Roll with the Changes. In the FF Journal

By Lincoln Brunner

In a city brimming with daring architecture, Millennium Park injects new meaning into urban innovation.

The centerpiece of a $475 million redevelopment project is the Jay Pritzker Pavilion, the boldly expressive concert venue that is reminiscent of architect Frank Gehry's groundbreaking Guggenheim Museum in Bilbao, Spain. Of the 11,000 people in a capacity crowd, it might be the 4,000 in the actual seats who get the short end of the deal. The other 7,000 can stretch out on the pavilion's Great Lawn under the distinctive trellis of interwoven structural steel tubing.

Projecting some 625 ft. to the south out of the trademark Gehry stainless steel ribbons that crown the stage, the trellis stands 60 ft. high and spans 325 ft. wide east to west. Comprised of a network of mild steel architectural tubing ranging from 12 in. to 20 in. OD, the trellis spans the entire width of the lawn with no central supports, relying instead on careful engineering and joint positioning to maintain structural stability.

Practically, the trellis serves as a lattice to hang the speakers for audience members on the Great Lawn. Aesthetically it pulls the audience together within a wide-open green space, while doing away with the poles or support columns that might otherwise obstruct views of the stage.

"It certainly is an artistic element," says George Wendt, president of Chicago Metal Rolled Products (CMRP), the company that curved the tubes in the trellis. "It creates space that people feel enclosed in and complements the stage."

Early involvement counts

The pavilion opened on July 16, 2004. However, CMRP was brought into the loop in the early planning and design stages about five years before that, Wendt says. CMRP rolled the tubes over a three-month span in 2003, basically as the pavilion was being constructed.

The tubes, which are 40 ft. to 65 ft. long, all were roll-bent on a single plane by CMRP on what was then a new three-roll Roundo roll bender. That single-plane feature illustrates just how instrumental CMRP's early involvement in the project was--and how money talks, even in a $475 million project.

Back in 1999, Wendt was approached by John Zils, senior structural engineer at the Chicago office of Skidmore, Owings & Merrill, who worked with Gehry's firm on the project and whose past masterpieces include Chicago's Sears Tower and the John Hancock Center. Zils wanted Wendt's input: What did he think? Was the design going to work economically?

"We like to design structures and come up with ideas that are not only responsive to the architecture but also have a practical sense to them, that can be built and fabricated properly," Zils says. "It's very normal for us during the design to meet with, if it's a steel structure, some fabricators or potential fabricators . . . to vet the design a little bit--to see what their input is, what their suggestions might be and how we can maybe improve what we're doing."

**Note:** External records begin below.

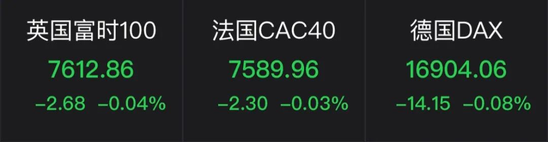 欧洲三大股指小幅下跌,德国DAX指数跌0.08%报16904.06点,法国CAC40指数跌0.03%报7589.96点,英国富时100指数跌0.04%报7612.86点。
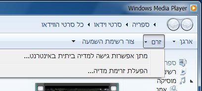 בסרגל הכלים העליון של Windows Media Player לחצו על "זרם" ושם בחרו באפשרות "הפעלת זרימת מדיה".
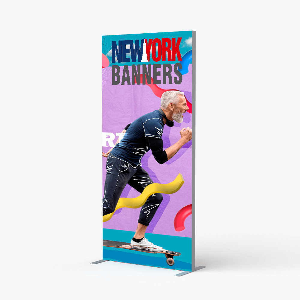 - 33″ x 79″ display with UV printed fabric graphic
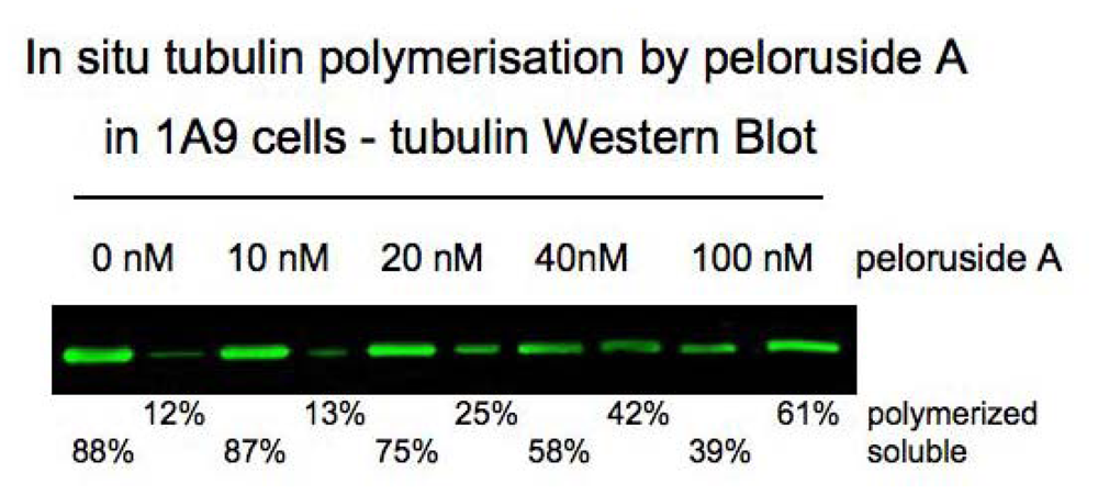Peloruside A-induced tubulin polymerization in 1A9 ovarian carcinoma cells. Cells were treated with peloruside A and a supernatant and pellet fraction electrophoresed. The gel was immunoblotted for α-tubulin. Image supplied by Arun Kanakkanthara.

Gehry originally had called for curving each pipe in two planes and changing the radius of each arch numerous times. After consulting with his estimators and engineers, Wendt was up front: Those things could be done, but they were going to cost more.

"We suggested from a fabrication viewpoint, and from the viewpoint of curving the steel, that it would be easier if we could curve each pipe in one plane," Wendt recalls. "We could do what he wanted, but it would be simpler, less expensive and save time if we could curve the pipe in one plane, and also have each pipe that we curved be a true, or constant, radius and let the radius change at each nodal junction, where the pipes cross each other." That kind of feedback was exactly what Zils was looking for. His team took Chicago Metal's input right back to Gehry's group, who then concocted a new plan: Instead of curving the pipes in two planes and arching them up and over the lawn vertically, why not bend them in one plane and lay them down at an angle, creating the illusion of being bent in two planes?

It worked. The reworked design preserved much of the same look, but it also saved CMRP time, saved the organizers money and "was a significant contribution to the project," Zils says.

Gehry's office also adopted Wendt's recommendation to sharply reduce the number of different radiuses in each arch. That move saved money without sacrificing aesthetic appeal. "We were able to quite substantially reduce the number of different radiuses and still achieve the same basic profile," Zils says. "It wasn't exactly the same, but for all intents and purposes, it was similar."

Ardent simplicity

Still, producing 570 tons of curved pipe to the required specifications was no walk in the park for CMRP. The 98-year-old fabrication business has seen its share of precision projects, including the rail that carries the retractable roof sections at Milwaukee's Miller Park, but Millennium Park was special.

For one thing, to do the work quickly and at a competitive price, CMRP chose to bend the tubing cold, a rarity for 20-in. OD pipe. Most pipe that large is worked after heating induction. CMRP actually purchased the Roundo, one of the largest section benders operating in the United States, and installed the tooling before it won the job. "We thought we could use it for other jobs, but we joked that this is the Millennium Park machine," Wendt says.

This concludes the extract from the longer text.